Maria lost her battle with depression, spending her last days at Southdale ICU.

“Cheryl was there each time and…she just was so warm and caring and she came up to us and told us how sorry she was about Maria,” Jennifer said.

And it wasn’t just talk. Cheryl was about to take action. She prepared a handmade blanket with a personalized pattern for Maria’s bed – a tradition she and her mother started years ago.

Cheryl has now laid quilts on 3,000 ICU beds, blanketing every dying patient with love.

“We always try to do it before they pass away so that it’s on them when the family comes,” Cheryl said. “If you’ve ever had a family member die, you don’t forget.”

Jennifer never will. That quilt is now the centerpiece of their home.

“Maria would have loved these flowers, it was a lovely design,” Jennifer said. “Cheryl knew just which design to choose for Maria.”

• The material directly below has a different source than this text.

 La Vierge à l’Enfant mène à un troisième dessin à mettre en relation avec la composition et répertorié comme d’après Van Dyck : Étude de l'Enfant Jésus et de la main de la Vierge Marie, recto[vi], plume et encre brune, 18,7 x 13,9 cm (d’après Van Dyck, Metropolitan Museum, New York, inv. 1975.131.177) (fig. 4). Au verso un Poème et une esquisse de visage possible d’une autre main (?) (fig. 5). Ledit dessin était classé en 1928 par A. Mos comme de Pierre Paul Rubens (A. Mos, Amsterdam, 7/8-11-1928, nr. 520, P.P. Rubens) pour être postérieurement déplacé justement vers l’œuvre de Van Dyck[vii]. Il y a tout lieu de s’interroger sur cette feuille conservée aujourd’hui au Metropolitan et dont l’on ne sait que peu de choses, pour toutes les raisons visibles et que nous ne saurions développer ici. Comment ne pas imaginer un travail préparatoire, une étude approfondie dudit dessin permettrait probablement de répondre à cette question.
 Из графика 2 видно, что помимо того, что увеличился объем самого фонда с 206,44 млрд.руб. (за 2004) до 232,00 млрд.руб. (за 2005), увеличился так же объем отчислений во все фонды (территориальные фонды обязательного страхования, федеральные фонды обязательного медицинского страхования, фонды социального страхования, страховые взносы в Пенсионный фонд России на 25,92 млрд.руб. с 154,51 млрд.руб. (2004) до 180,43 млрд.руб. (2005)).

And Cheryl knew just what Maria’s family needed.

“It’s a tangible reminder of that dark day when we were going to see Maria and her very last day of life. It’s like a glimmer of hope and love that Cheryl brought us, so we’re very grateful for her,” Jennifer said. “They’re kindred souls. They would’ve really, really loved each other if they had known each other in person.”

Because for Cheryl, just like for Maria, it’s always been about others.

“This provides some comfort for the family, and that’s what it’s all about. It’s not about me,” Cheryl said.

In addition to quilts, Cheryl handwrites a sympathy card for every patient’s family. She also hosts a yearly ceremony to honor organ donors.